Seismicity potential of geothermal operations in the North Sea Supergroup in the Roer Valley Graben
For the extended summary (Dutch) see: Samenvatting Ondiepe geothermie in de Roerdalslenk
The report describes an exploratory study regarding the geothermal potential of shallowly buried (<1500 m) sedimentary formations of Cenozoic age in the Netherlands, particularly in the Roer Valley Graben (RVG). These formations, part of the North Sea Supergroup, are seen as promising for geothermal heat production due to their thick and deeply buried sequences. However, the RVG is considered a high-risk area for geothermal exploitation due to natural seismicity. Prior geothermal projects targeting deeper Dinantian carbonates have been linked to seismic events up to ML 1.7, but the shallower Cenozoic sediments are expected to have a lower potential for induced seismicity due to inelastic deformation.
Energie Beheer Nederland B.V. (EBN) commissioned TNO to investigate a first order reactivation and seismogenic potential of faults in these sediments. The study included:
- A literature review and analysis of the KNMI seismicity catalog to assess evidence of natural seismicity in the North Sea Groups.

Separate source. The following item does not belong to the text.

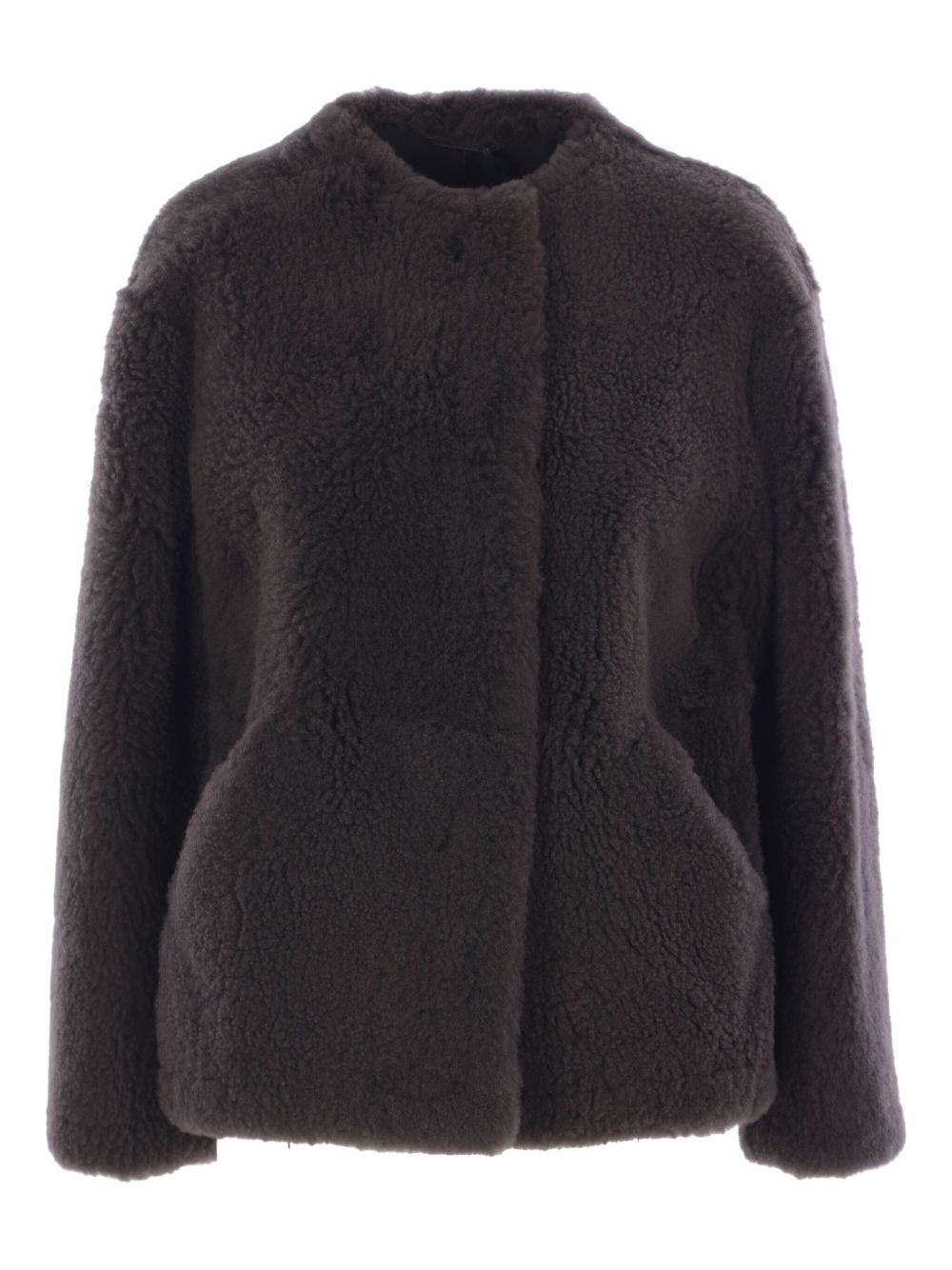 shearling coat Highlights - Dark brown - Concealed front fastening - Round neck - Long sleeves - Straight hem Imported Composition Lamb Shearling 100%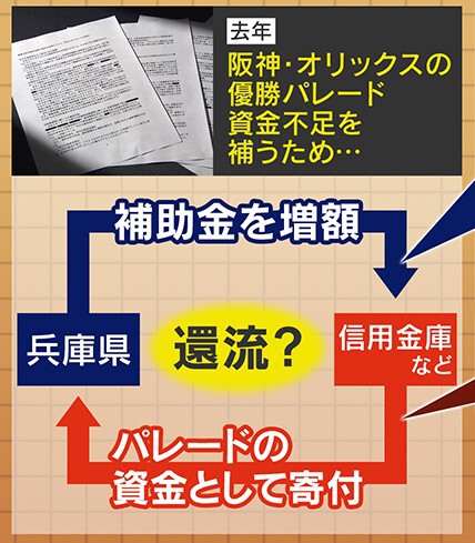 2023年の阪神・オリックスの優勝パレードの資金不足を補うために、兵庫県が信用金庫などに補助金を増額し、その見返りにパレードの資金として寄付を受け取ったのではないかという「還流疑惑」が出ています。

- An inventory of reservoir, rock, and fault properties, in-situ stresses, and pressures to generate input for geomechanical modeling and identify data gaps.
- A model study of fault reactivation using the SRIMA tool, assuming linear elasticity.
- Exploratory models including elasto-plastic reservoir behavior using a Finite Element model.
The study found that fault reactivation does not necessarily lead to seismic slip. For faults to become seismogenic, reactivation and specific fault friction behavior are required. The literature review indicated limited evidence of shallow seismic activity in the North Sea Supergroup, with most seismicity confined to deeper formations. Data inventory revealed a lack of reliable data for the North Sea Group layers due to limited and poor-quality data collection. Therefore, to understand the impact of expected geological variations, four generic but realistic case study locations were selected for simulations, aiming to represent different thicknesses, fault patterns and depth location of the sediments in the RVG system.
SRIMA calculations showed a substantial probability (40-80%) of fault reactivation near the injection well, decreasing with distance from the well. Including elasto-plastic behavior and more realistic reservoir behavior reduced the probability of reactivation. The study recommends further investigation of the seismogenic potential through follow-up modeling, laboratory studies, and local monitoring. It also suggests improvements to SRIMA or alternative methods to better represent material behavior and stress build-up in the poorly consolidated reservoirs.